If you let her in, one day she will tell countless young women that they can - because if someone had told her that, maybe it wouldn't have taken her 40 years to finally believe it.
If you let her in, on a cold, rainy day she will hand you a dollar, her wool coat, her tax refund, because she knows first-hand that the kindness of others can replenish a soul.
If you let her in, she will defend your child, speak up for your daughter, advocate for you, because she knows too well, what it's like to have a voice that doesn't count.
If you let her in, she will never let those high school boys who circled her when she was 6 and told her to go back to her own country, the customer who requested an "American" front desk worker instead, those men who called her gook, chink, chinamen just a few months ago - she will never let them represent all that is good and just in this country.
If you let her in, she will pour her heart and soul into your community, her community not merely by filling out some mandated tax form, but by actively participating, volunteering, maybe even running for an elected position that might allow her to do even more.
If you let her in, she will choose to take a pay cut, drive 40 miles away from her family every day, if she thinks there's a slight chance she can become part of the solution.
If you let her in, some day she will end up standing next to you at a
peace rally in Washington D.C., fighting for the same justice that you seek.

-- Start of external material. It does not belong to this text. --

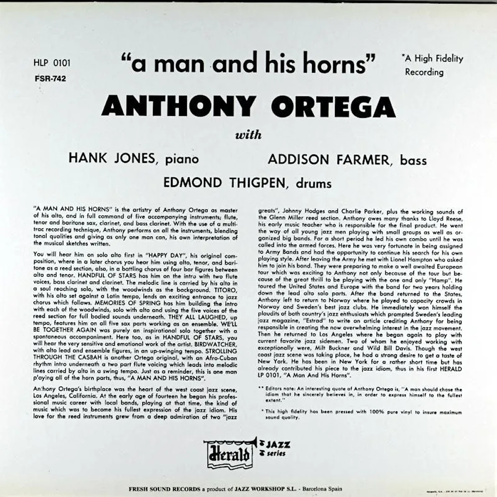 Anthony Ortega (ts, bs, cl, fl), Hank Jones (p), Addison Farmer (b), Ed Thigpen (d)
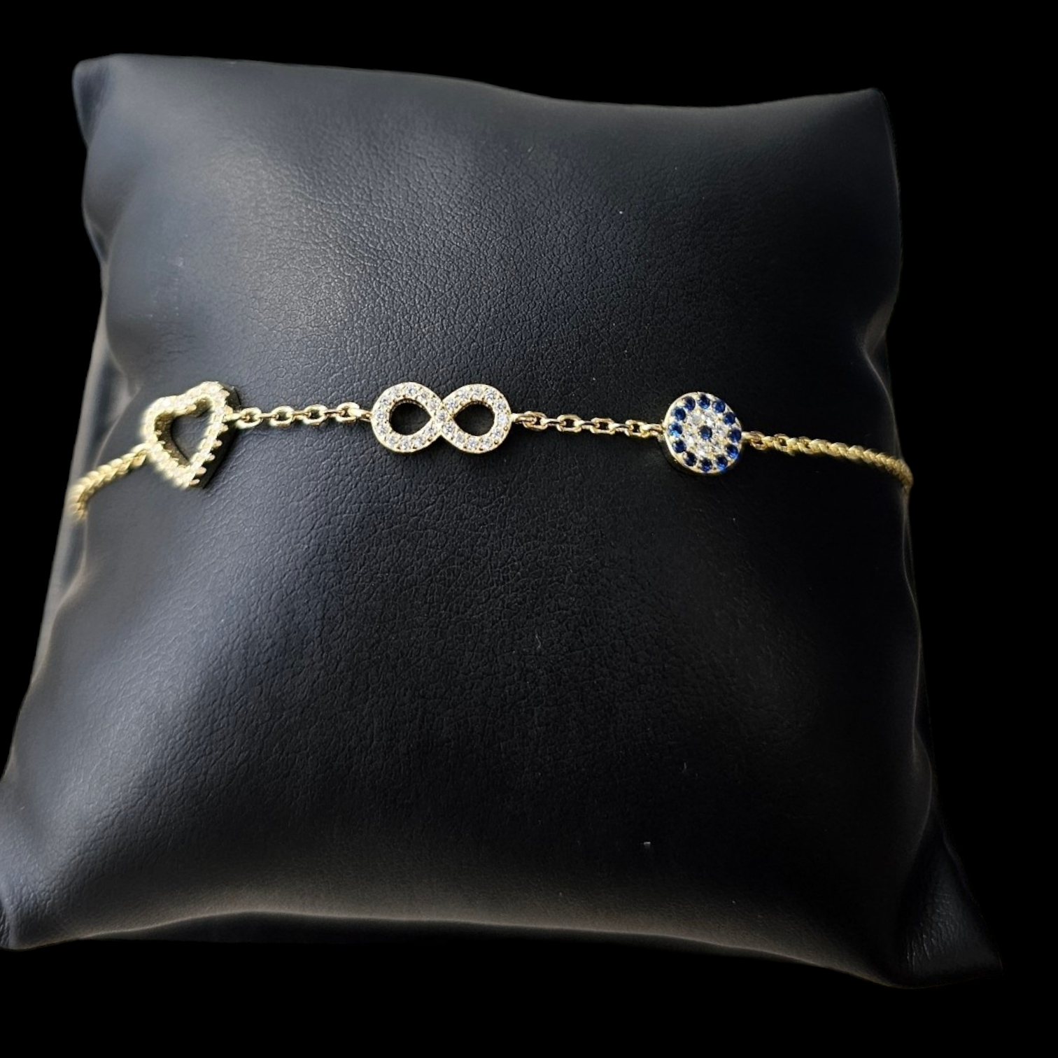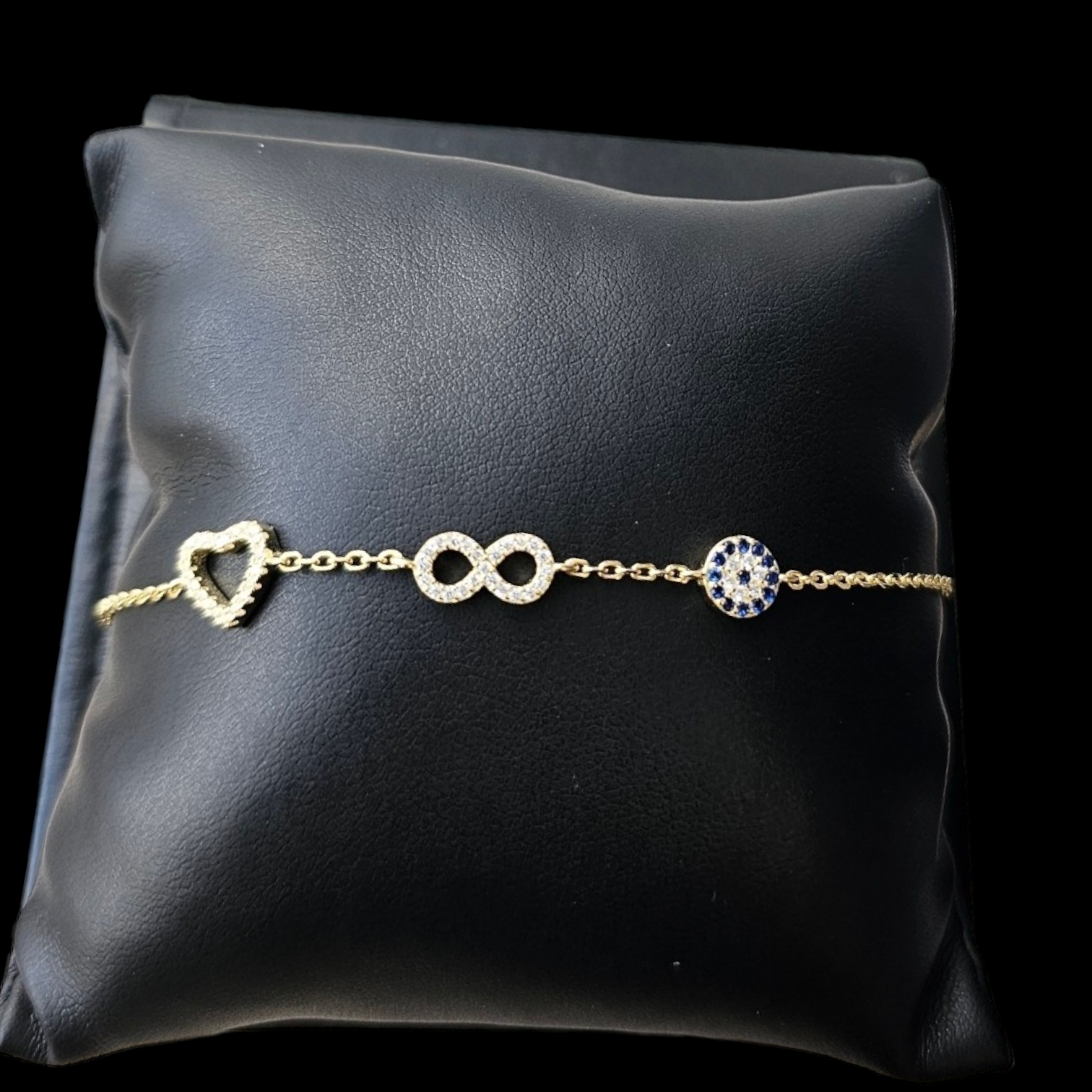 Beautiful infinity bracelet with a heart in 925 sterling silver.

If you let her in, she will grow with you, build with you, dream with
you. Like you, she will do everything in her power to create a world
that is beautiful and fair for your children, for hers...and for all the
children across those imaginary lines we keep drawing to separate us from one another.
I was 14 when my parents stuck an "unaccompanied minor" tag on me, put me on a plane 9000 miles from home, and sent me to live with a distant relative in Kensington, Maryland. While I was born and spent the first 8 years of my life in the suburbs of Chicago, my family moved to Thailand when I was 8. The Asian stock market crashed, along with millions of Thais, my dad lost his job, and a series of other hopeless, option-less events took place far away from the land of the free, in the developing part of the world. And just like that, my parents were faced with the hardest decision of their life.
Thank you for letting me (back) in 28 years ago. I hope we don't miss the chance to always open our hearts and our borders to the young people who most desperately need us to embrace them. You never know who they might become. If we make a little room in our hearts, to let them in.